_Supplied information_

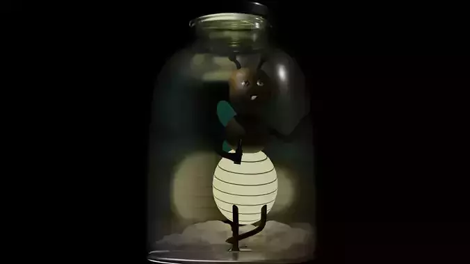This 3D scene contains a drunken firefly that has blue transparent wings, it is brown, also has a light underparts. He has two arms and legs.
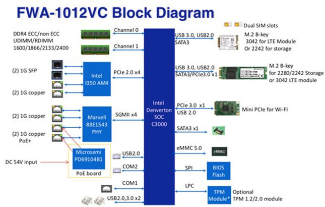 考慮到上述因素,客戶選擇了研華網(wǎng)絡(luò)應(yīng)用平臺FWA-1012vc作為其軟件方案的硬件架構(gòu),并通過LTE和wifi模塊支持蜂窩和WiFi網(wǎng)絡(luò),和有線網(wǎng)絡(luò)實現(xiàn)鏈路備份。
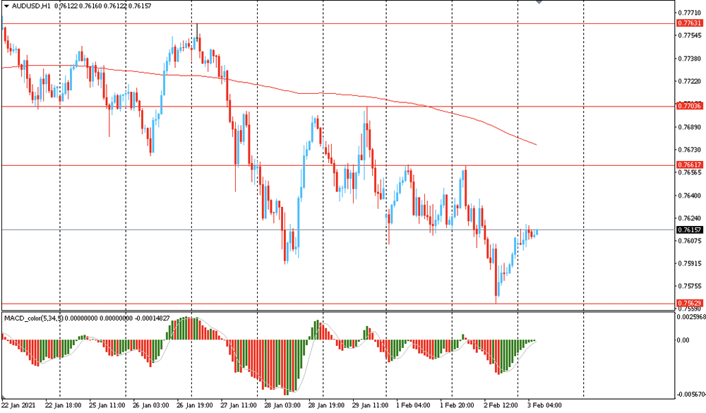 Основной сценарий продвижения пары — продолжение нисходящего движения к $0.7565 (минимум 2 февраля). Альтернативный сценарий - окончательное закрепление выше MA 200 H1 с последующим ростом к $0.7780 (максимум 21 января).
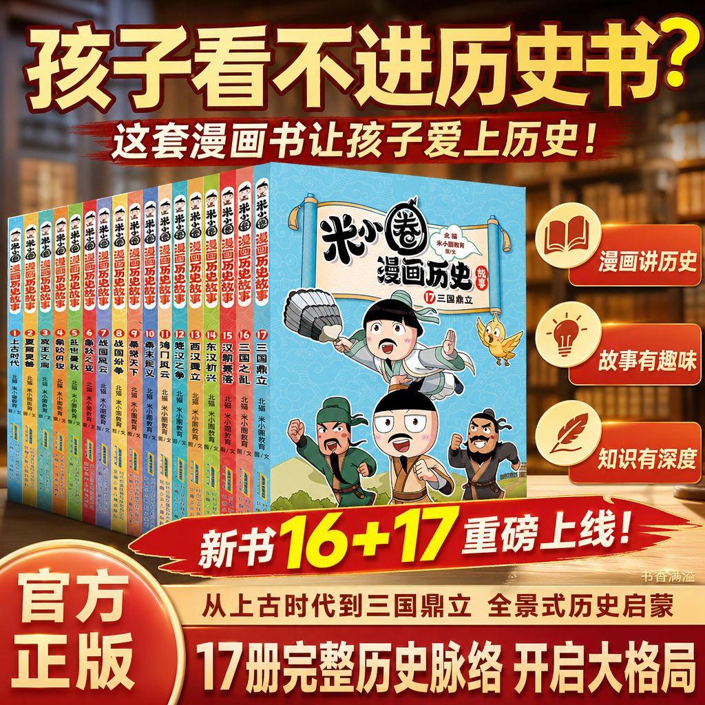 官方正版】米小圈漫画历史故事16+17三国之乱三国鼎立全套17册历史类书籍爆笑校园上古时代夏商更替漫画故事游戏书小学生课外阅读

==

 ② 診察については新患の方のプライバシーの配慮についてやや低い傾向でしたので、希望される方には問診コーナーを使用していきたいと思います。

--

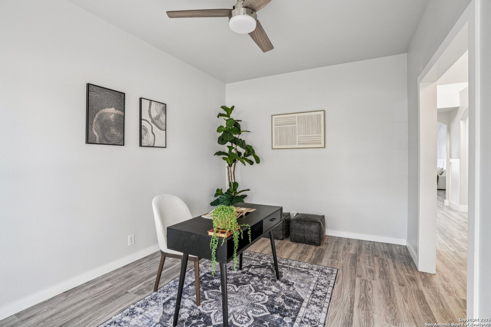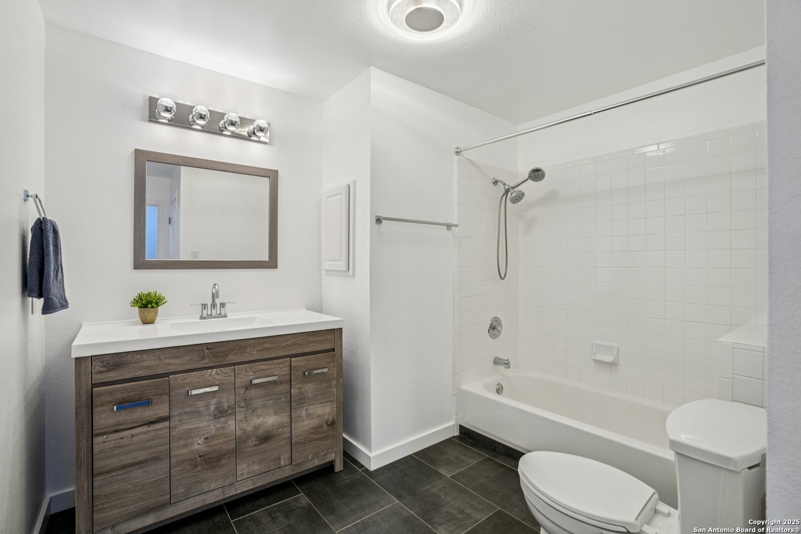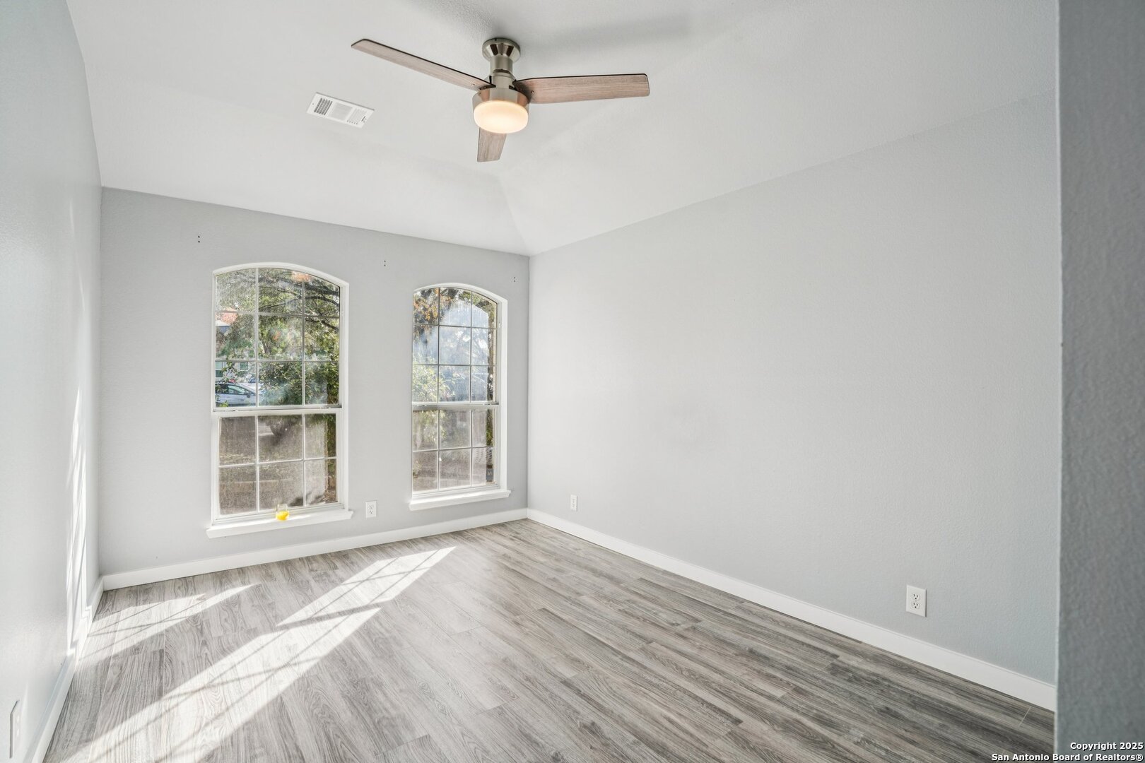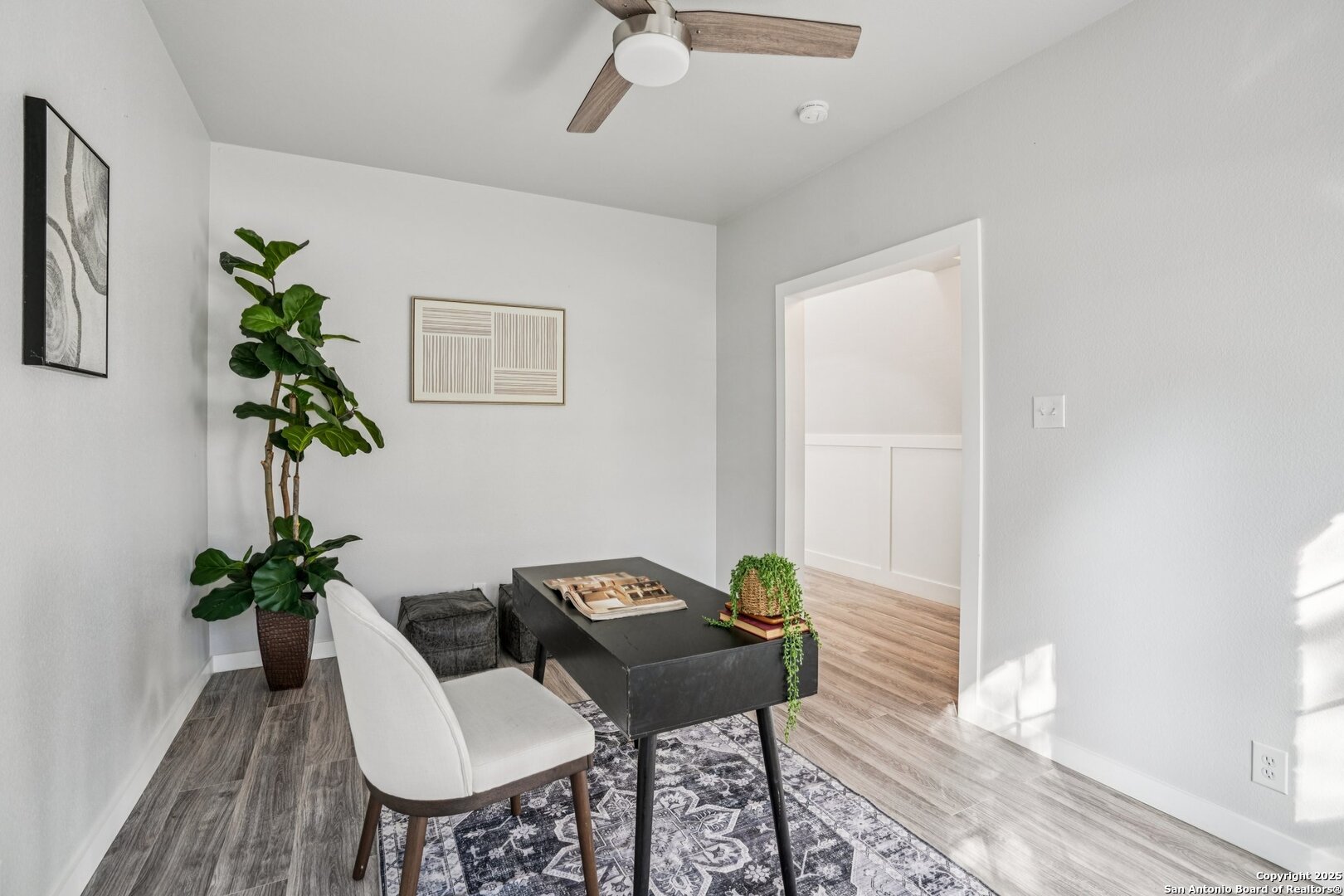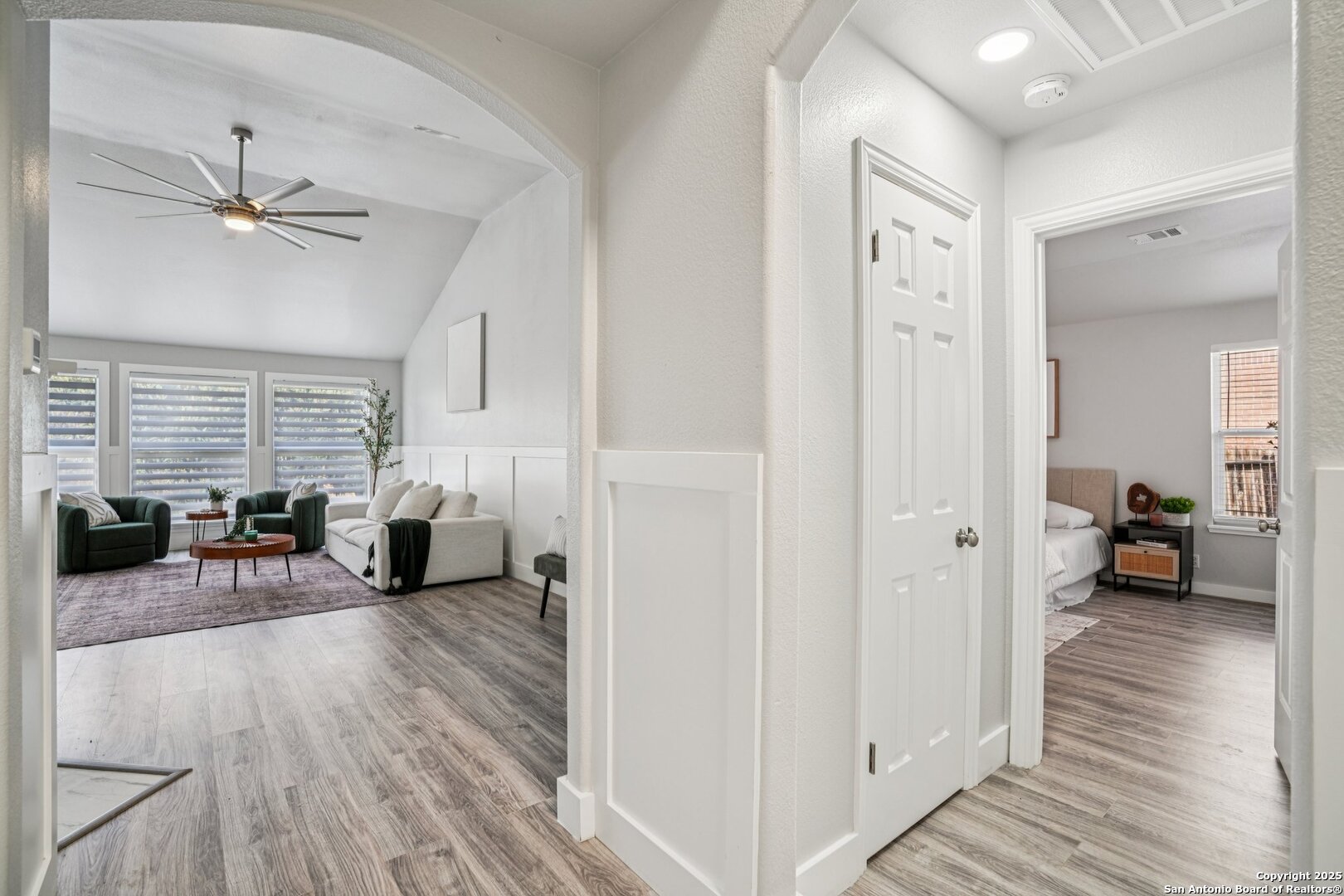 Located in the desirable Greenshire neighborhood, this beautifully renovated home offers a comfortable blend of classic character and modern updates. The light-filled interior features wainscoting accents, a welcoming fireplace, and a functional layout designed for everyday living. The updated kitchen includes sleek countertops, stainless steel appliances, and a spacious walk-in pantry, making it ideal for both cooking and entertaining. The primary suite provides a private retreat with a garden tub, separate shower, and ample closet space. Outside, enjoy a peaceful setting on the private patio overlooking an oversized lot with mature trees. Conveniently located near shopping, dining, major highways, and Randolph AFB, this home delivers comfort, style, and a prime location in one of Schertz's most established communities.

_What you have to do_
Within these entries, output exactly the lines starting at the one with "考慮到上述因素,客戶選擇了研" and finishing at the one with "官方正版】米小圈漫画历史故事". Leave pictures out of the output.

_Expected answer_
 考慮到上述因素,客戶選擇了研華網(wǎng)絡(luò)應(yīng)用平臺FWA-1012vc作為其軟件方案的硬件架構(gòu),并通過LTE和wifi模塊支持蜂窩和WiFi網(wǎng)絡(luò),和有線網(wǎng)絡(luò)實現(xiàn)鏈路備份。
 Основной сценарий продвижения пары — продолжение нисходящего движения к $0.7565 (минимум 2 февраля). Альтернативный сценарий - окончательное закрепление выше MA 200 H1 с последующим ростом к $0.7780 (максимум 21 января).
 官方正版】米小圈漫画历史故事16+17三国之乱三国鼎立全套17册历史类书籍爆笑校园上古时代夏商更替漫画故事游戏书小学生课外阅读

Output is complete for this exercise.